Finessing, you open up some windows on one side of the house and you crack some on the other side. It's loud. Ideally, you'd have... A couple of different systems, like you can't use a swamp cooler in August and monsoon season because you don't want more humidity then. That's not going to help. That's right. I also remember, you know, every year.

The first time you turn it on, it blows just a ton of dust and kind of whatever's been, like, building up in the swamp cooler. Oh, yeah. And sort of even getting through whatever. You're supposed to service it. Yeah, yeah. You're not supposed to get in there with a hose and a... A tool to scrape the calcification off the pads and the motor and everything else. There's all these things. I used to have to do that working for my dad. He had an AC.
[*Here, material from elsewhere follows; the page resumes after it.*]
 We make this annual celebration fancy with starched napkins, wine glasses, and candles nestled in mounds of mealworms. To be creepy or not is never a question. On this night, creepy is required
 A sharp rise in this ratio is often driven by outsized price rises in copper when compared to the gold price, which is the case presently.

AC Service Company. It was called AC Service, in fact. Aptly named. Yeah. It wasn't taken in our area in front of the phone book. That's what you want. That's why you look. Look in your phone. Well, we don't have phone books anymore. We've got listeners who are like 35. What is a phone book? Is that like an iPhone that you can read a book on? Or is it something like that?
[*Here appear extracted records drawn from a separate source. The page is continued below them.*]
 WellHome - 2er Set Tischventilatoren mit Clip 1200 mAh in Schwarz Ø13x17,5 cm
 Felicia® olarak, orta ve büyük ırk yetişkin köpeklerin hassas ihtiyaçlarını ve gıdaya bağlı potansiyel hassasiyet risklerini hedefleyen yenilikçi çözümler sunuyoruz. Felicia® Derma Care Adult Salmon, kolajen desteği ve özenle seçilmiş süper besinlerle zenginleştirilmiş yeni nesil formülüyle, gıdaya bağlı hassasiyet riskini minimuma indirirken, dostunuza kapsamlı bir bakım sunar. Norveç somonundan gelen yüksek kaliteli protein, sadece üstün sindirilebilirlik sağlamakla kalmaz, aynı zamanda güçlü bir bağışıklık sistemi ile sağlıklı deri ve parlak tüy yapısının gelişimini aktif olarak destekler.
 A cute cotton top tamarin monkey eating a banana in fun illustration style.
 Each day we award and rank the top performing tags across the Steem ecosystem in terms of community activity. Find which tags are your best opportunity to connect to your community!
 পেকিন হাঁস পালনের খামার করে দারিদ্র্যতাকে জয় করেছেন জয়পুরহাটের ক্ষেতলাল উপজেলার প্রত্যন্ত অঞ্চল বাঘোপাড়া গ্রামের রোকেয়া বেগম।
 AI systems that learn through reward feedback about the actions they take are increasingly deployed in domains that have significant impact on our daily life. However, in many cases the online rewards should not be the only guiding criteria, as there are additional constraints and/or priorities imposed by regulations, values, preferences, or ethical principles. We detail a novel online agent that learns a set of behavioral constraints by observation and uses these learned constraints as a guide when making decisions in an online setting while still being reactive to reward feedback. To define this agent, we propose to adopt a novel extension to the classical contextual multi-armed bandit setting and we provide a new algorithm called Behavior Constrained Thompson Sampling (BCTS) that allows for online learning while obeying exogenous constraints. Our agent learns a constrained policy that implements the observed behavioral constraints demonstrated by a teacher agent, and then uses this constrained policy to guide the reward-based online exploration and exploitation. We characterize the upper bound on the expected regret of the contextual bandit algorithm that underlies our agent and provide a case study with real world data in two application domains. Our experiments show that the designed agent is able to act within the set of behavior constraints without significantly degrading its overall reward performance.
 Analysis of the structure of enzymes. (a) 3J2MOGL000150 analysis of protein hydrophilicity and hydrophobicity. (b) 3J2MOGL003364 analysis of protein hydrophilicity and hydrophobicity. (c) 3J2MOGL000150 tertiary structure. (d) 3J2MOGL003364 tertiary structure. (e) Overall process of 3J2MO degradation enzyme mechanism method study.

It was this magical thing that would be delivered to your house, your apartment, wherever you were, for free. And it weighed about three pounds. Great big things at yellow pages, white pages, etc. Yellow pages for business, white pages for residential. And you could just open that book up. by the letter of the thing you were looking for. And there would be a list of businesses that were in business that year.

It worked perfectly. Yeah, they were incredible. And if there was like a girl you liked at school or something like that, you knew one of her parents' names. Or even if you didn't know the names, you could sort of look it up and just be like, okay, you know, Bill. Marcy, okay, I'm going to, you know, that seems like it. Yeah, yeah. I think she lived on this street.
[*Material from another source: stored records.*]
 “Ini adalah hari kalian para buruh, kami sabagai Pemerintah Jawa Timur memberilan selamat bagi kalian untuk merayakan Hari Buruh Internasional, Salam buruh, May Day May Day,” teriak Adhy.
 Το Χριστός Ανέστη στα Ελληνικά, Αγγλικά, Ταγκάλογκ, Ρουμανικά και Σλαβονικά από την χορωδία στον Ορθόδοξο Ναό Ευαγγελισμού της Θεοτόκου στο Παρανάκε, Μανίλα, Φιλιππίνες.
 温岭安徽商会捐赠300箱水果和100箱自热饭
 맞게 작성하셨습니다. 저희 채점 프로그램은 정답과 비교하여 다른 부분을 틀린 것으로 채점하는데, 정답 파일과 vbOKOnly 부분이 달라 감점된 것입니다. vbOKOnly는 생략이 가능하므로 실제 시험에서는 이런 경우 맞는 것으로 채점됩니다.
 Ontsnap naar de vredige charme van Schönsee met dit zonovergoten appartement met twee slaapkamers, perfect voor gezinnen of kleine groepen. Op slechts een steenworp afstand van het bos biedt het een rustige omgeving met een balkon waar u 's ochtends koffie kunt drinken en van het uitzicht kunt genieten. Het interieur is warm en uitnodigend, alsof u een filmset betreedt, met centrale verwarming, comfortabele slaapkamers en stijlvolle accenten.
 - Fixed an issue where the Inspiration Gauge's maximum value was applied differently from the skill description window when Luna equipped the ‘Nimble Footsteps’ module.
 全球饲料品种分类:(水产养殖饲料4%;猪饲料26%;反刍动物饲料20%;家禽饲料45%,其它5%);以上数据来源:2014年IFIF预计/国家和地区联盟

Which now we're talking about it, you know, in this age, the modern age that we're living in, maybe not the best to have everybody's addresses just, you know. Probably not. Probably not. Now you get. PeopleFinder, where they'll show you that for only $25.99 a month. Right, right. You can see how many felony convictions your new Tinder match has.

Stoic Wisdom and Farewell

Amboy to Zizek's and across the Great Mojave Wilderness, this has been Desert Oracle Radio with Soundscapes by Red Blue Black Silver. Listen to us on the radio in Joshua Tree, Z107.7 FM, Friday nights at 10 p.m. Our website, basically unchanged. Since I built it back in the autumn of 2014 is desertoracle.com. Hit radio for the blog covering every episode of this radio program.

There's an old saying, a proverb from the Stoics of ancient Greece that says a society is great when old men plant trees whose shade they'll never sit in. That's especially true with Joshua trees. They only grow about three inches a year during the first decade, and then it slows down considerably after that. I guess my big old tree was about 150 years old. I was only around for its final half dozen years, so I can't claim to know it really well, but I knew it.

It's hot out there. Watch yourself. Watch your pets. And good night from the voice of the desert.